Do not be concerned if you think that you do not know how to meditate or use creative visualization techniques. There is really no right or wrong way to meditate. It is more important for you to develop a reflective style that feels natural to you and to make sure you meditate on a daily basis than it is to follow a particular ritual. Most of us practice some form of meditation and creative visualization when we daydream. You probably already do know how to use these techniques, but are not consciously aware of the exact steps you use in the process. Use meditation and visualization techniques to begin to create a vision of your future by following the steps outlined below. Then you can modify them to suit yourself. You will learn to become proficient in using these techniques as you practice them.
• To begin creating a vision of your future life, get into a relaxed, meditative state. You can either lie down or sit in a comfortable position with your back straight and your feet touching the floor.
• Starting with your feet and moving upward, tense and relax every part of your body, in turn, while breathing deeply. Quiet your mind to achieve a mental state in which you can think clearly about your future life vision. Many people find that the easiest way to quiet their mind is to focus on their breathing. As stray thoughts enter your mind during meditation sessions, gently release them (by mentally putting them in an imaginary bubble and letting them float away with your breath as you exhale, for example) and return your attention to your breathing. If you recall hurtful things that happened in your past, say a short prayer or affirmation (positive self-talk) indicating that you now release the person who has hurt you from punishment by you without condoning their behavior. Refocus your attention on your future life.

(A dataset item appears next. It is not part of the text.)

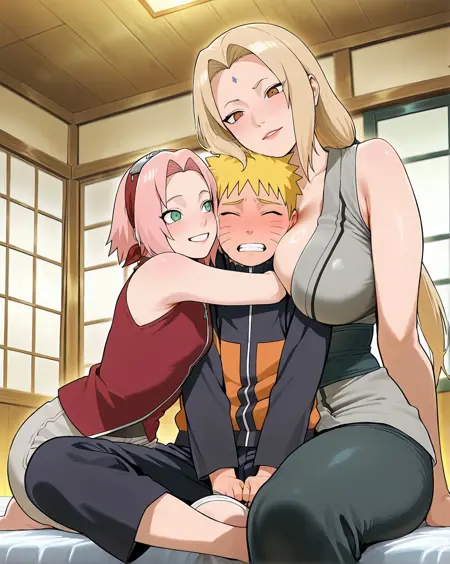 (2girsl:1.2), ヘテロ, 1boy, 乳房、後ろから抱きしめる,
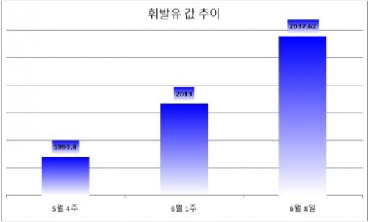 8일 한국석유공사 유가정보서비스 오피넷에 따르면 이날 오전 8시 기준 전국 평균 휘발유 가격은 리터당 2037.62원으로 전일 대비 1.88원 올랐다. 휘발유 가격은 5월 4주 1993.8원, 6월 1주 2013원을 기록하는 등 꾸준히 상승하고 있다. 경윳값은 리터당 2030.24원으로 전일보다 2.28원 올랐다.

• Next, imagine yourself living the part of your future life upon which you are currently focusing your attention. You may find it helpful to pretend that you are watching a movie of yourself, the star of your life, enacting your future life movie script when using creative visualization (Zahm, 2010). You can visualize yourself achieving one of your important life goals or enacting a particular role in your future life script and reflect on the result of achieving it. Doing so will help you verify that achieving your goal will really enable you to live the future life you desire.
• As you identify areas in the imaginary preview footage that do not seem to suit you, mentally stop the movie and edit the film until the scene truly captures the essence of your future life dreams. Continue to preview and edit the important scenes in your future life movie again and again until they seem perfectly comfortable and very real to you.
• During subsequent meditation and creative visualization sessions, mentally picture and evaluate each essential area of your future life movie, in turn, in order to create a clear, coherent, and self-affirming future life vision. Try to make the vision as vivid as possible by using as many senses as you can. If you are imagining that you are walking at the beach, for example, hear the ocean waves and the seagulls, feel the damp sand under your feet, and smell the salt air.
• You can also use visualization and reflection to privately rehearse and fine tune new behaviors mentally—including interactions with members of your family, a professor, or a boss—before performing them in real life situations.